● **TASK GOAL**
Every line from the one holding "Branding rollout for" through the last line of the records must be retyped exactly, and no other line or picture may appear in the copy.

● **INPUT MATERIAL**
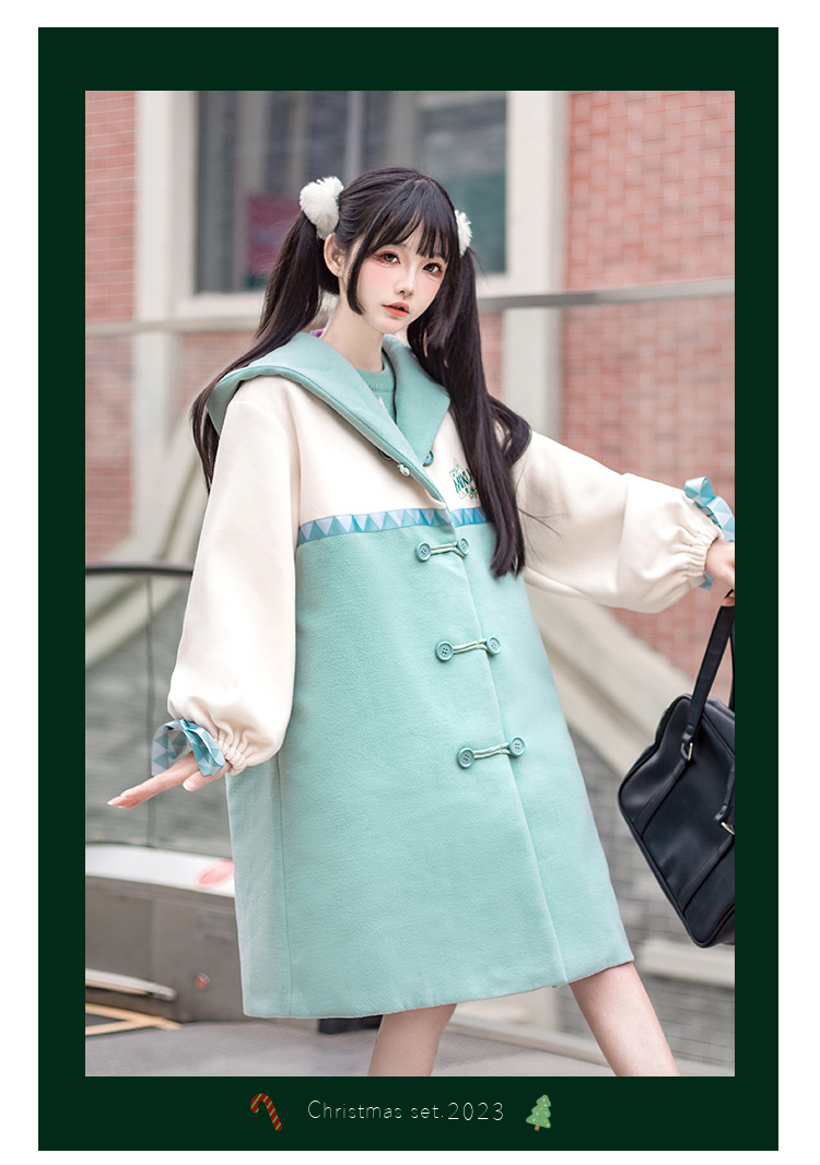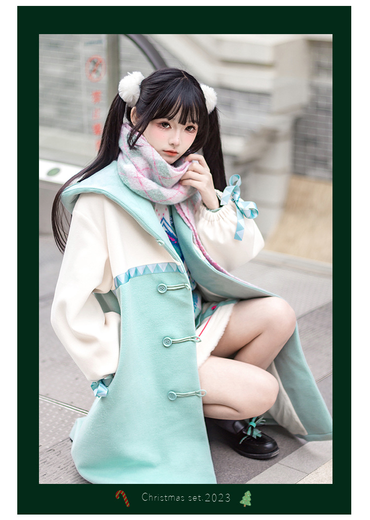 свитер; шерстяное пальто; шарф; юбка; Рождественская сумка
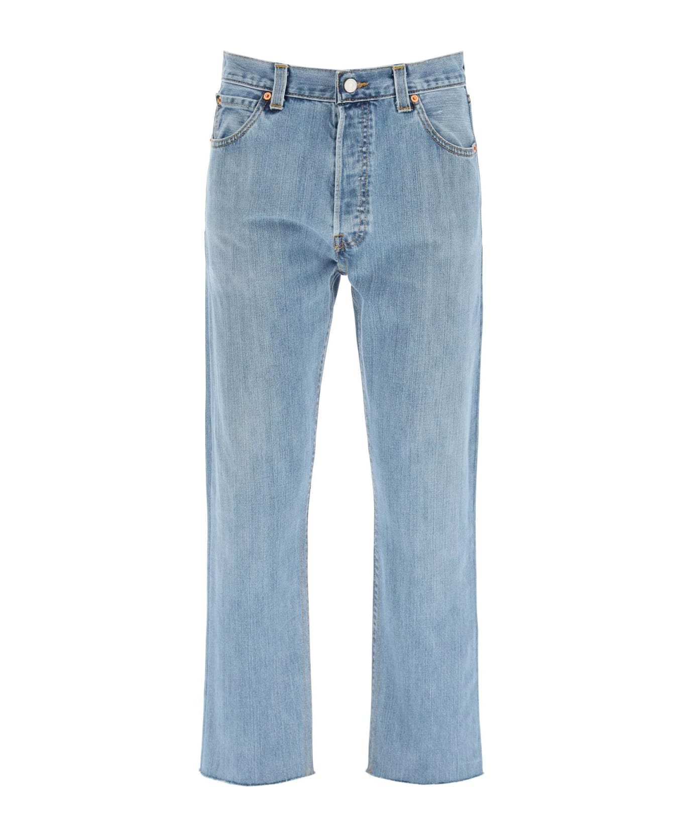Re/Done five-pocket jeans in non-stretch indigo denim, reconstructed from vintage Levi's jeans. High-rise straight-leg fit with raw-cut cropped hem. Button fly, Re/Done jacron on the back waistband, Levi's flag label applied to the back pocket. The model is 177 cm tall and wears a size 26.
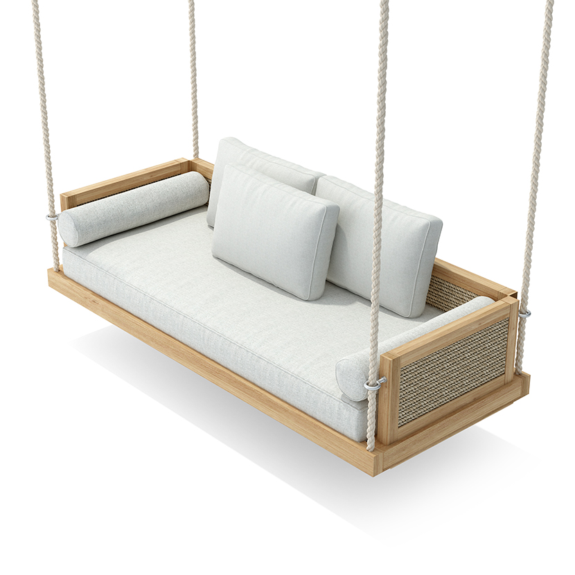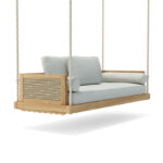 The Ophelia Collection introduces timeless elegance to your outdoor space with its sophisticated Swing Benches. Built on a durable teak frame, each piece is finished with beautiful side details of round twisted resin for an artisanal touch.
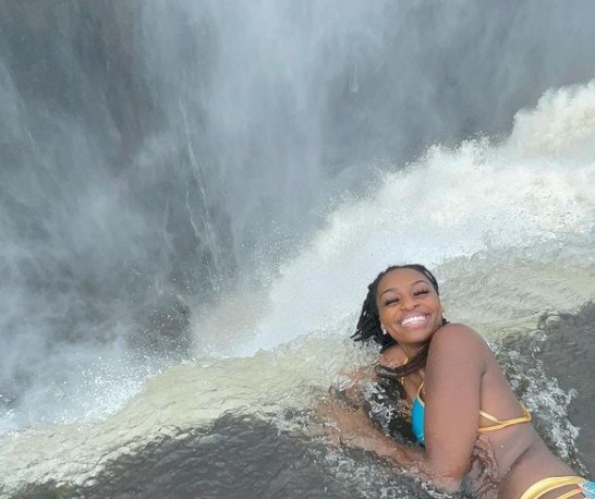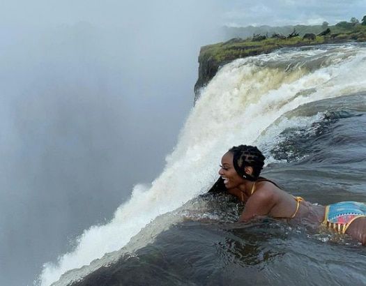 로즈는 어깨가 절벽 바깥으로 나갈 정도로 데빌스 풀의 가장자리까지 다가가서 팔을 폭포 아래로 쭉 뻗으며 아찔한 포즈를 취하고 있다.
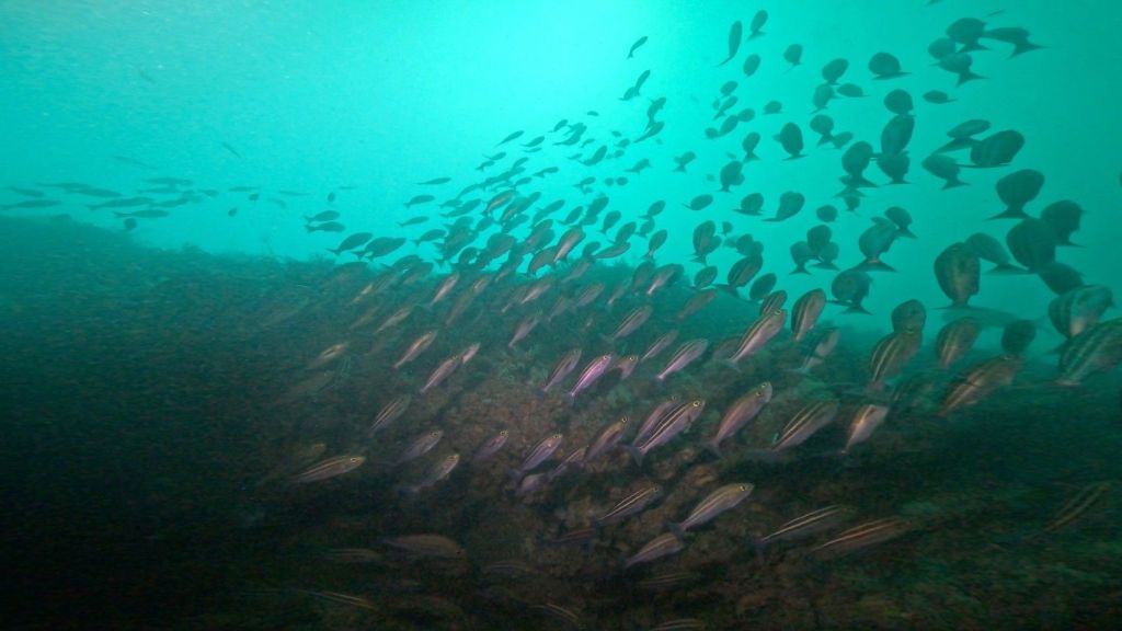 チョウチョウウオがこんだけ群れて固まってるのも中々です。
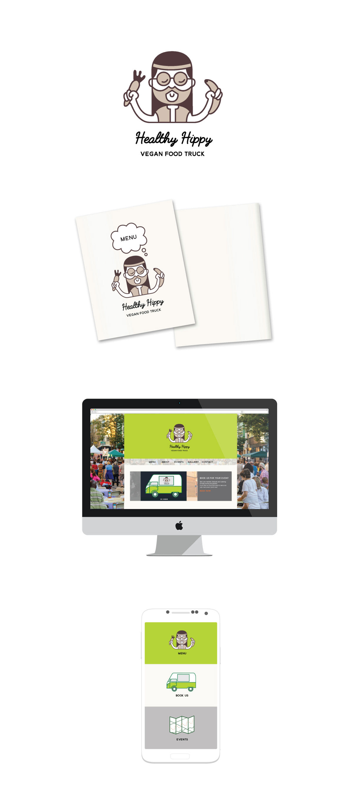 Branding rollout for the ‘Healthy Hippy’, vegan food truck. Designs include logo, menu, website and app development.
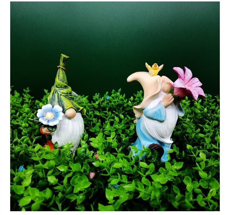 Artesanías de Resina al Por Mayor Enano de Jardín Decoración Exterior Muebles Nuevas Flores Adornos de Elfo sin Rostro Ideas Creativas

● **REPLY**
 Branding rollout for the ‘Healthy Hippy’, vegan food truck. Designs include logo, menu, website and app development.
 Artesanías de Resina al Por Mayor Enano de Jardín Decoración Exterior Muebles Nuevas Flores Adornos de Elfo sin Rostro Ideas Creativas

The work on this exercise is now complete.